DIRECTIONS:
Keep the pictures out. Write out every line of the listing exactly.

SOURCE DATA:
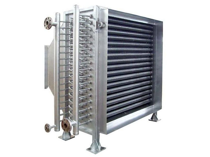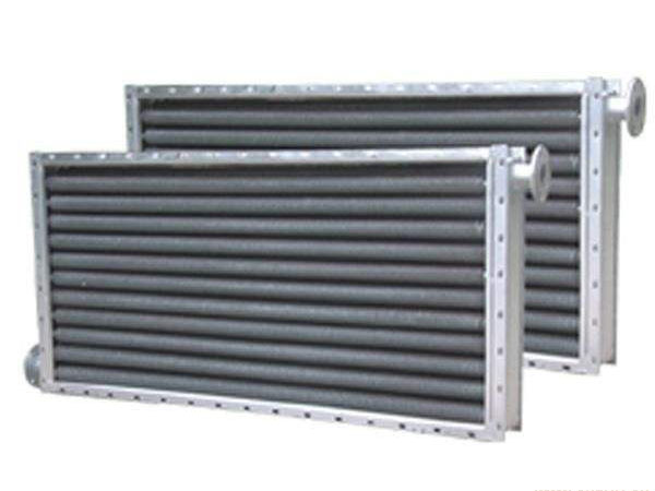 翅片式換熱器主要用于干燥系統中空氣加熱,是熱風裝置中的主要設備,散熱器采用的熱介質可以是蒸汽或熱水,也可用導熱油,蒸氣的工作壓力一般不超過0.8Mpa,熱空氣的溫度在150℃以下。
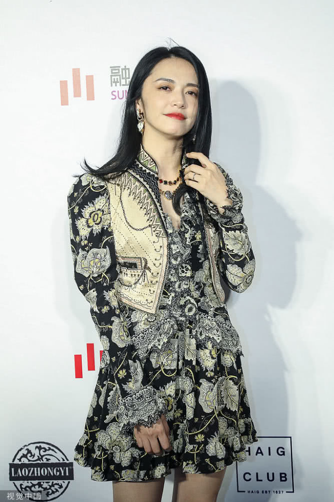 女演員姚晨亮相,穿黑白泡泡袖印花連衣裙,戴項鏈優雅迷人
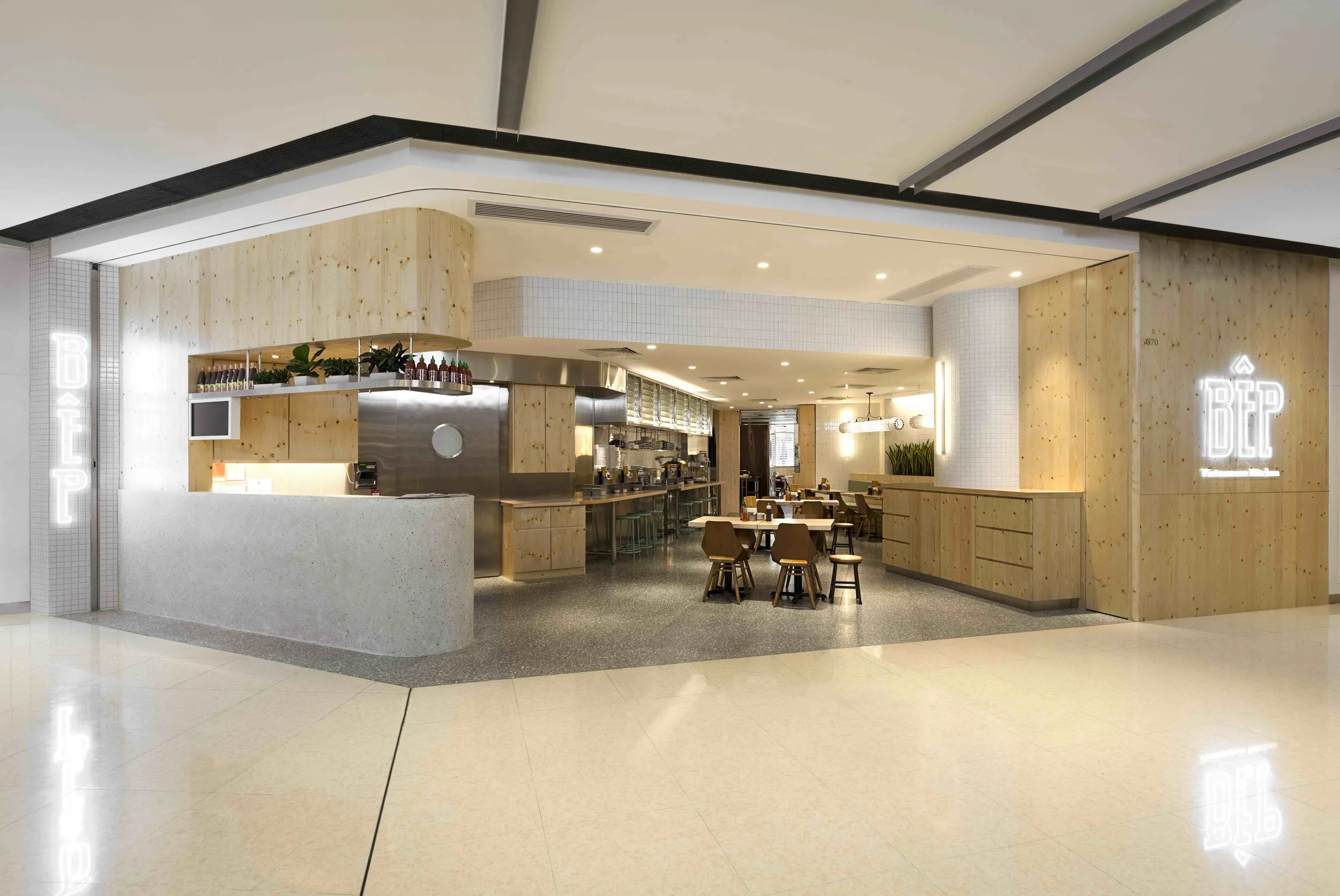 BÊP Olympian City brings Hong Kong's edgy Vietnamese cuisine brand from Central, across the harbour, to Kowloon - catering a market looking for casual, fresh, and easy Vietnamese fare. JJA / Bespoke Studio adopted the brand's existing interior concept for its largest site yet - set street side within a vast mixed-use development of shops and high-rise residences, typical of the Hong Kong context.

ANSWER SPACE:
 翅片式換熱器主要用于干燥系統中空氣加熱,是熱風裝置中的主要設備,散熱器采用的熱介質可以是蒸汽或熱水,也可用導熱油,蒸氣的工作壓力一般不超過0.8Mpa,熱空氣的溫度在150℃以下。
 女演員姚晨亮相,穿黑白泡泡袖印花連衣裙,戴項鏈優雅迷人
 BÊP Olympian City brings Hong Kong's edgy Vietnamese cuisine brand from Central, across the harbour, to Kowloon - catering a market looking for casual, fresh, and easy Vietnamese fare. JJA / Bespoke Studio adopted the brand's existing interior concept for its largest site yet - set street side within a vast mixed-use development of shops and high-rise residences, typical of the Hong Kong context.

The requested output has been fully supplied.